When Your Child Can't Talk

It is pretty high up on my list of most difficult things in life.  It breaks my heart daily.  It stinks.  It is hard in so many ways.

IT is not being able to talk with my seven-year-old son.  Oh, I can talk to him.  I can talk at him.  But I can't talk with him.

Sometimes he talks to me with his eyes.  They are trying to tell me everything.  Sometimes they do.  Like when he's happy.  Or when he's sad.  Or when he is loving me.  But they can't tell me what he's thinking.  They can't tell me where it hurts or exactly what he wants.

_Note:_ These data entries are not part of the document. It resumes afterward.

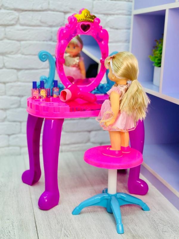 🪞ИСТИНЕННОЕ ТРЮМО СЕ СТОЛЬЧИКОМ🪑 🪞 Артикул: 2282 💸Цена: 1120 грн 💸 Захватывающий игровой набор с симпатичным косметическим столиком, круглым зеркалом🪞и стульчиком🪑 На зеркале расположена кнопка🔘активирующая подсветку 💡 и играют мелодии🎶 Зеркалом выполнено из безопасного материала👌 На столике находится шкатулка🗃️куда девочка сможет сложить свои аксессуары🪮 и косметику💅 Уложить свои волосы👱♀️ принцесса может с помощью фена, в котором встроен маленький вентилятор🌬️ Есть подсветка 🌈 и звуки🎼 В комплекте 13 аксессуаров 🎀 👄 🔋Работает от 3х батареек АА (не прилагаются) В фен требуется 1 батарейка 🔋 АА 📐Размер:44х25х75см Высота стульчика 22см При оформлении заказа через кнопку Купить полная оплата, обязательно уточняйте наличие Из-за диалога возможен наложенный по подписке 150 грн
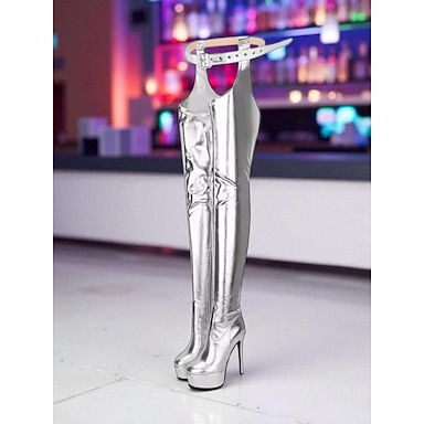 stivali alti fino alla coscia in argento da donna - stivali con tacco alto sopra il ginocchio in metallo lucido, calzature sexy da festa e da discoteca per la sera &eventi festivi
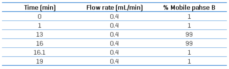 Chromatography: Samples were analyzed using an Exion LC system with an Acquity Premier CSH Phenyl-Hexyl column (1.7 µm, 2.1 x 100 mm; Waters). Mobile phase A was 0.1% formic acid in water, and mobile phase B was 0.1% formic acid in methanol. A simple linear gradient from 0 to 99% B was used at a flow rate of 0.4 mL/min. The HPLC rinse solvent was water/methanol/iso-propanol/acetonitrile (1:1:1:1, v/v). The gradient conditions are shown in Table 1. A 2.5 µL injection was used (0.5 µL plasma equivalents), and the column temperature was maintained at 50°C. The total runtime was 19 min.

Sometimes his lips move with no sound and it looks like he is forming words.  But try as I might, I usually can't make out a single one.  It hurts to know he is trying to tell me something and I can't understand.

Sometimes he squeals, or says "Daddy, daddy, daddy" over and over, or says "tatatatatatatatatatatata".  I wish I knew what it meant beyond being excited or upset.

Is it because he has autism?  Or because they removed the speech portion of his brain at fifteen-months-old?  Did the speech not properly re-map to the other side of his brain?  Is it because of epilepsy causing damage to his brain?  Or is it because of the benign tumors in his brain caused by Tuberous Sclerosis?  Only God knows.  Only time will tell.....or won't.

All I know is that when I look deep into his eyes and he gives me a huge toothless grin, my heart melts into a puddle.  I love this boy.  And that makes it all worth it.